Activity: Begin with the line below holding "La Comunió Tradicionalista" and go on through the line holding "智通财经APP获悉,高盛下调", duplicating each line exactly and leaving out pictures.

Information provided:

====

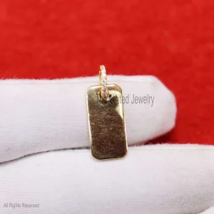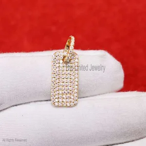 Moissanite Sterling 14k Gold Dog Tag Charms, 14k Gold Dog Tag Charms, Moissanite Pendant Charms, 14k Dog Tag Charms, Gold Dog Tag Pendant
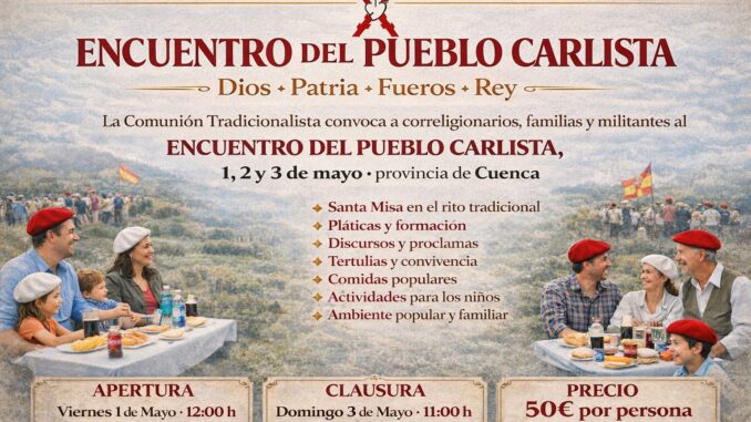 La Comunió Tradicionalista convoca una «Trobada del poble carlí» per als dies 1, 2 i 3 de maig a la província de Cuenca. Es tracta d’una convocatòria dirigida a tots els correligionaris de la Península (i més enllà) per a enfortir els vincles, reafirmació en els ensenyaments tradicionals i per aumentar el compromis de la militància legitimista.
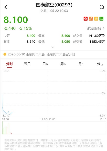 智通财经APP获悉,高盛下调国泰航空(00293)评级,由“中性”降至“沽售”,目标价由11.2元削至7.6元,减幅32%,主因国际航线复苏前景高度不明朗,该行认为国泰是亚洲覆盖航空股中经营最困难的其中一家。截至发稿,国泰航空跌5.15%,报8.1港元,成交额1153.45万港元。
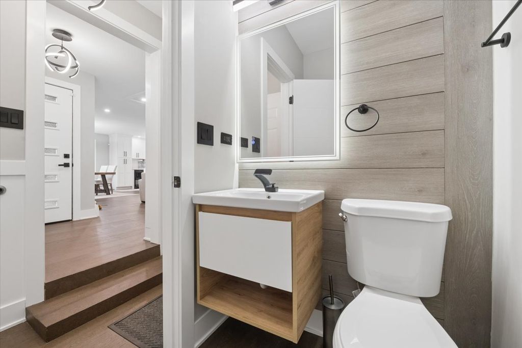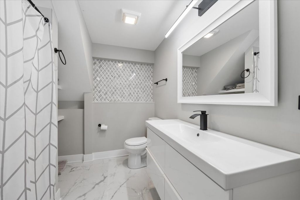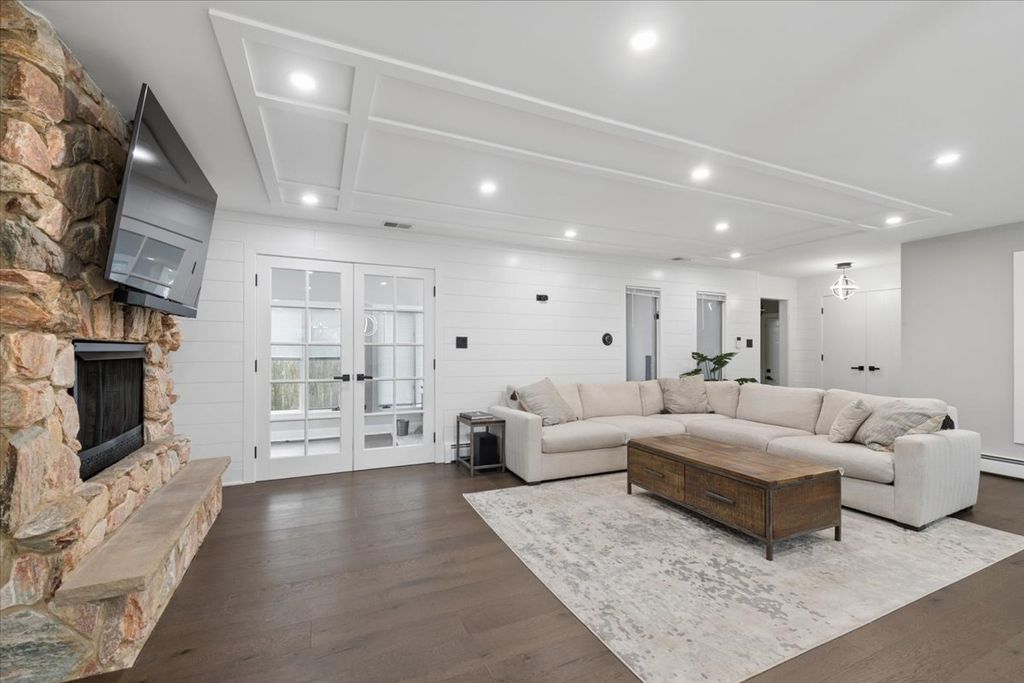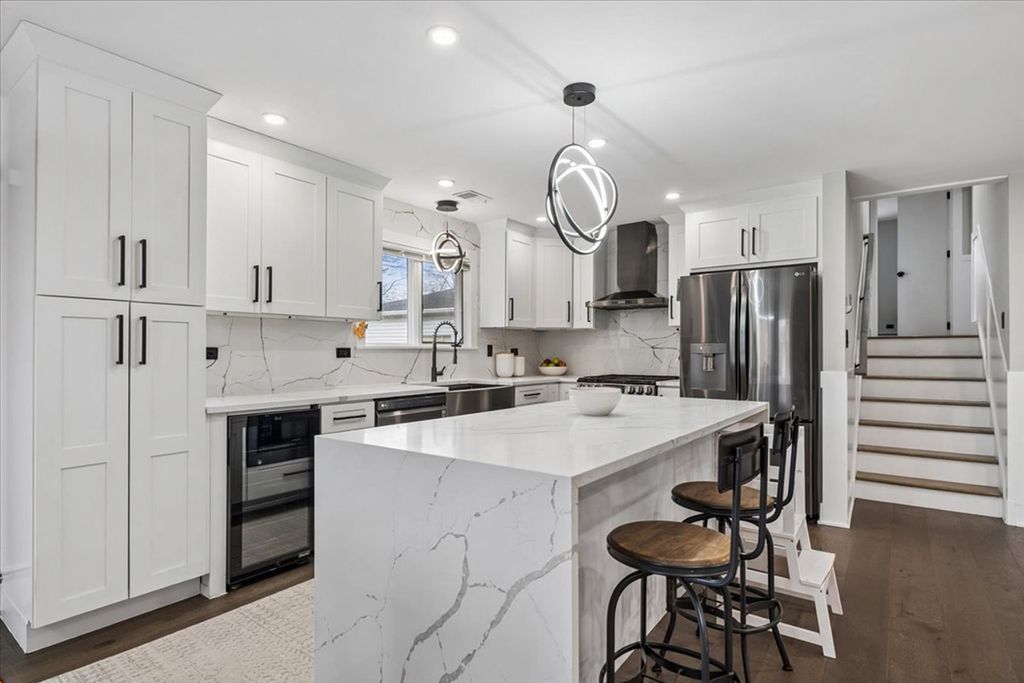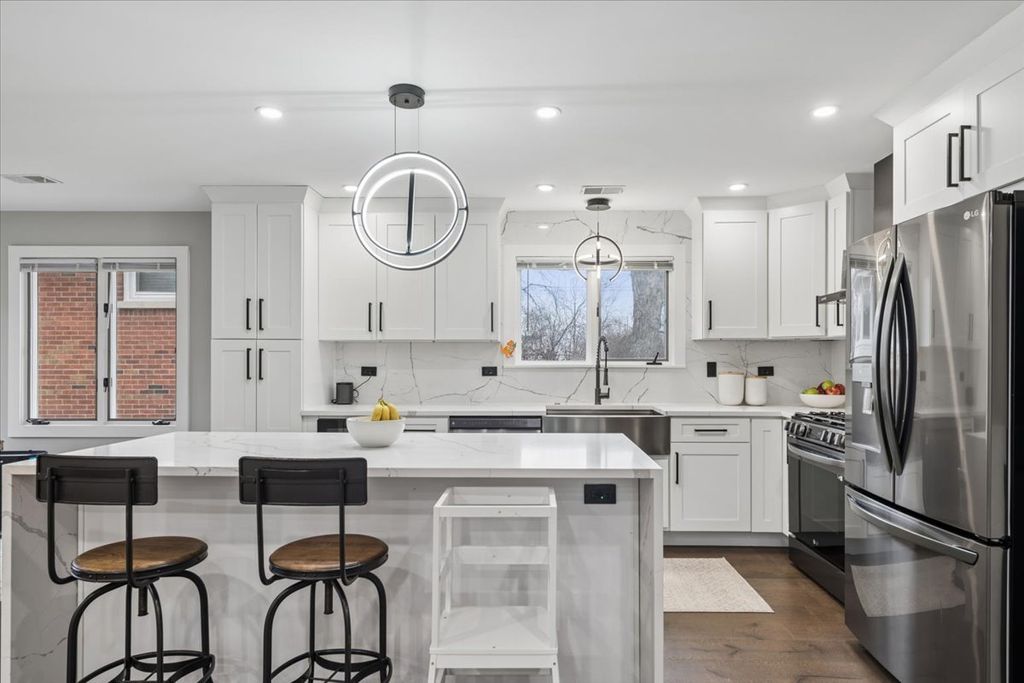 Modern luxury meets cozy home experience - beautifully renovated 4-bed, 3 and a half-bath split-level home in desirable Riverside, fully gut-rehabbed in 2023 with high-end finishes throughout. This home features an open-concept living, dining, kitchen great room with a statement stone decorative fireplace. Off the main living space is a window filled sunroom perfect for an office or playroom and a convenient powder room. The finished lower level offers a large family room, additional bedroom, and full bath-perfect for guests or flexible living. Large storage closets + laundry room make this space equally functional. Upstairs a primary suite plus 2 additional bedrooms round out this move in ready property. Situated on a generous lot with a newly fenced yard, patio, and attached 2.5-car garage. Conveniently located near parks, schools and the beautiful winding streets of Riverside.

====

Answer area:
 La Comunió Tradicionalista convoca una «Trobada del poble carlí» per als dies 1, 2 i 3 de maig a la província de Cuenca. Es tracta d’una convocatòria dirigida a tots els correligionaris de la Península (i més enllà) per a enfortir els vincles, reafirmació en els ensenyaments tradicionals i per aumentar el compromis de la militància legitimista.
 智通财经APP获悉,高盛下调国泰航空(00293)评级,由“中性”降至“沽售”,目标价由11.2元削至7.6元,减幅32%,主因国际航线复苏前景高度不明朗,该行认为国泰是亚洲覆盖航空股中经营最困难的其中一家。截至发稿,国泰航空跌5.15%,报8.1港元,成交额1153.45万港元。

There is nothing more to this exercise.